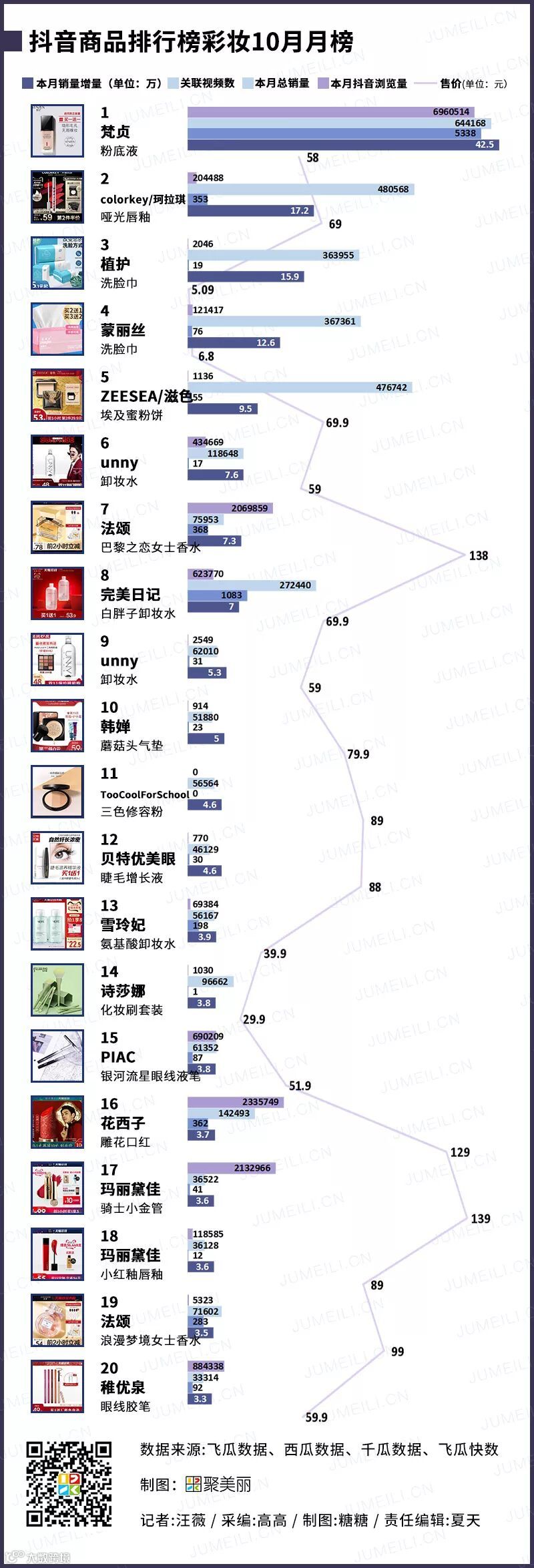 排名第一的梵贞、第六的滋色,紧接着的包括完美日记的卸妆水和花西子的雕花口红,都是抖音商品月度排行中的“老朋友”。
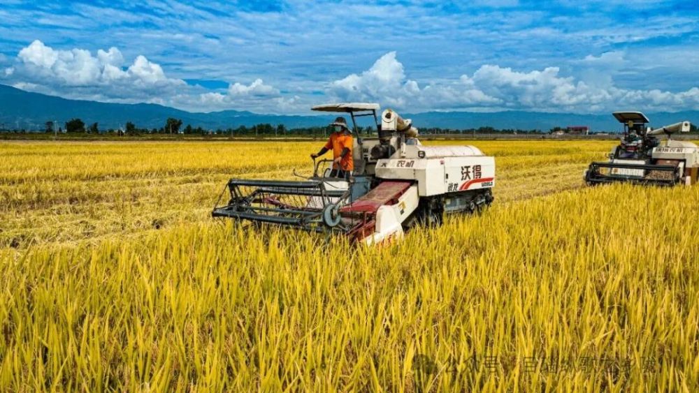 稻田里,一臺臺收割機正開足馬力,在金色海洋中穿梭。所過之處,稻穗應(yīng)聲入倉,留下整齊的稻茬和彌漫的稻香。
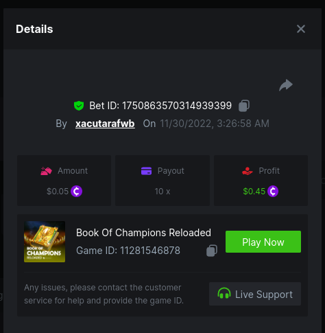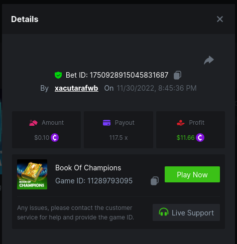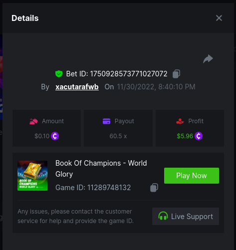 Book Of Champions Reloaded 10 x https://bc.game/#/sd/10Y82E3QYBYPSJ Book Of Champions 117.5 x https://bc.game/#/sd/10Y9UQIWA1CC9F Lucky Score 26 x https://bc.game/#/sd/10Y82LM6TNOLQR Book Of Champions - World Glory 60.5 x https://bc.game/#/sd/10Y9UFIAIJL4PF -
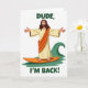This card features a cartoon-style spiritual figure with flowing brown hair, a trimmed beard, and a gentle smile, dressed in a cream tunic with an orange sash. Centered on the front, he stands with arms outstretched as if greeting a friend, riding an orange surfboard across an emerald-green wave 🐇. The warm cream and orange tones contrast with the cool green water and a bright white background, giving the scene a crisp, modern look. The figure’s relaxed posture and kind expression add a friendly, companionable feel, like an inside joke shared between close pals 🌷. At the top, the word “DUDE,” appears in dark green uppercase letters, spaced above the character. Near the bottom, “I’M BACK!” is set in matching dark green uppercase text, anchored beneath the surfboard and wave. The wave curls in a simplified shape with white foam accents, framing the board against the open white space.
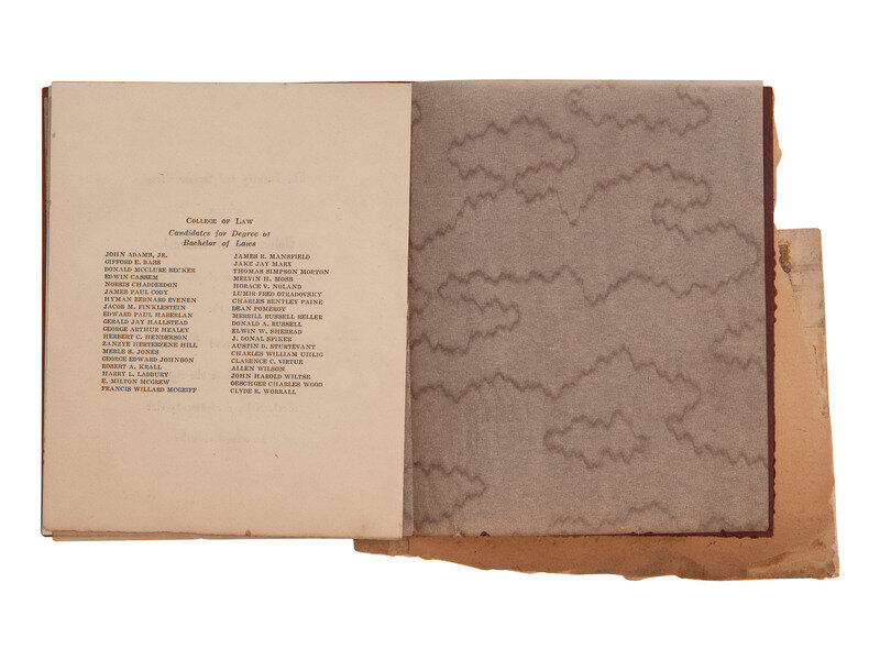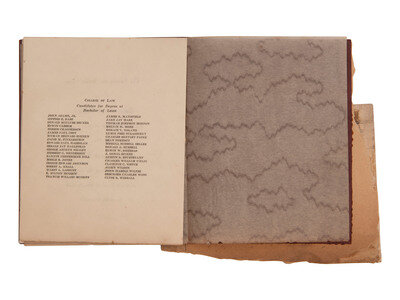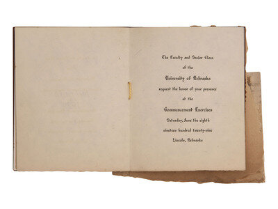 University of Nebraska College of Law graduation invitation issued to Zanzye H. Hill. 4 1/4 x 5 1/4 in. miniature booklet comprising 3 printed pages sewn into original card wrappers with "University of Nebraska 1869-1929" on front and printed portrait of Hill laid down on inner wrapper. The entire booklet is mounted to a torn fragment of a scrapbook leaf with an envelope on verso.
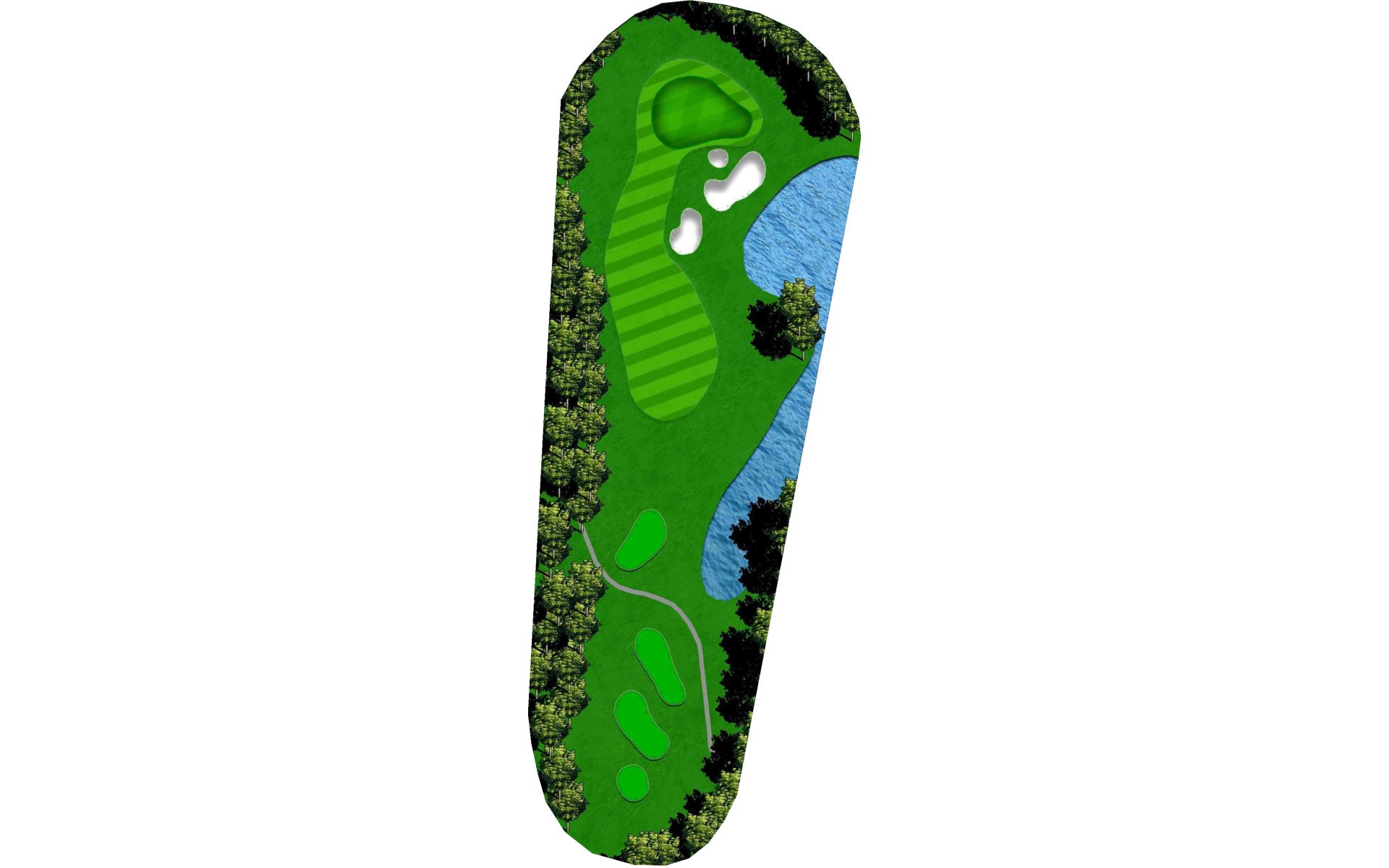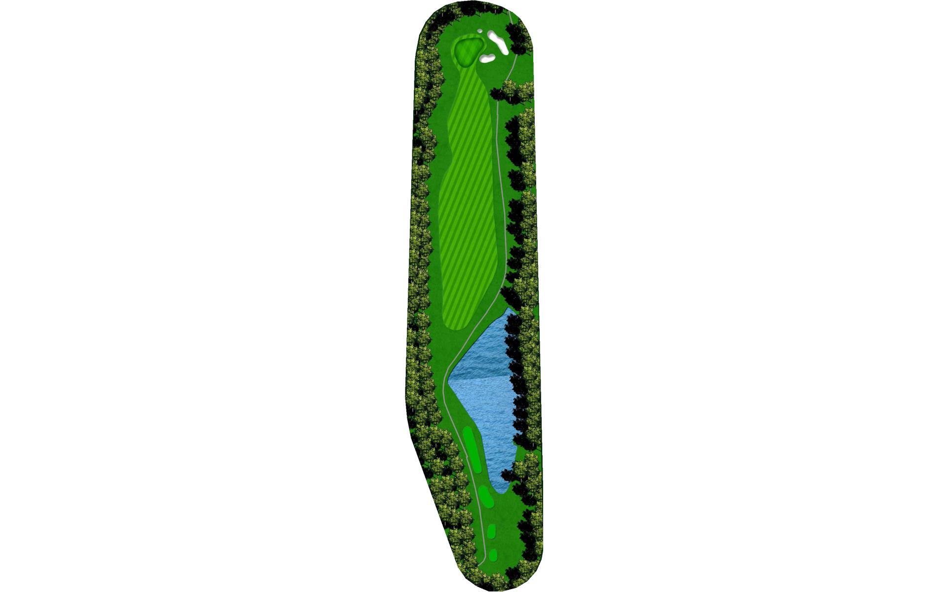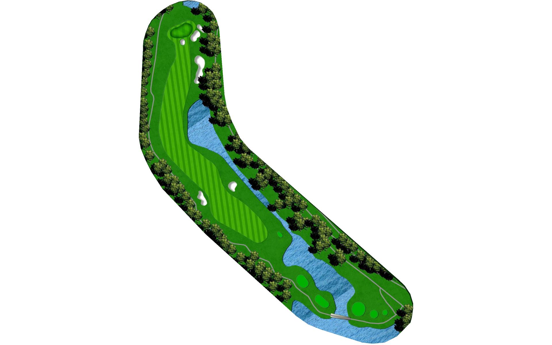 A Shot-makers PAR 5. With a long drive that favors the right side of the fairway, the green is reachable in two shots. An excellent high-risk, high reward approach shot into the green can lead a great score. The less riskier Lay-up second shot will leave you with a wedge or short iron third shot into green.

-- What you are asked to do --
Please set down the records exactly, and keep every image out of the copy.

-- Final answer --
 排名第一的梵贞、第六的滋色,紧接着的包括完美日记的卸妆水和花西子的雕花口红,都是抖音商品月度排行中的“老朋友”。
 稻田里,一臺臺收割機正開足馬力,在金色海洋中穿梭。所過之處,稻穗應(yīng)聲入倉,留下整齊的稻茬和彌漫的稻香。
 Book Of Champions Reloaded 10 x https://bc.game/#/sd/10Y82E3QYBYPSJ Book Of Champions 117.5 x https://bc.game/#/sd/10Y9UQIWA1CC9F Lucky Score 26 x https://bc.game/#/sd/10Y82LM6TNOLQR Book Of Champions - World Glory 60.5 x https://bc.game/#/sd/10Y9UFIAIJL4PF -
This card features a cartoon-style spiritual figure with flowing brown hair, a trimmed beard, and a gentle smile, dressed in a cream tunic with an orange sash. Centered on the front, he stands with arms outstretched as if greeting a friend, riding an orange surfboard across an emerald-green wave 🐇. The warm cream and orange tones contrast with the cool green water and a bright white background, giving the scene a crisp, modern look. The figure’s relaxed posture and kind expression add a friendly, companionable feel, like an inside joke shared between close pals 🌷. At the top, the word “DUDE,” appears in dark green uppercase letters, spaced above the character. Near the bottom, “I’M BACK!” is set in matching dark green uppercase text, anchored beneath the surfboard and wave. The wave curls in a simplified shape with white foam accents, framing the board against the open white space.
 University of Nebraska College of Law graduation invitation issued to Zanzye H. Hill. 4 1/4 x 5 1/4 in. miniature booklet comprising 3 printed pages sewn into original card wrappers with "University of Nebraska 1869-1929" on front and printed portrait of Hill laid down on inner wrapper. The entire booklet is mounted to a torn fragment of a scrapbook leaf with an envelope on verso.
 A Shot-makers PAR 5. With a long drive that favors the right side of the fairway, the green is reachable in two shots. An excellent high-risk, high reward approach shot into the green can lead a great score. The less riskier Lay-up second shot will leave you with a wedge or short iron third shot into green.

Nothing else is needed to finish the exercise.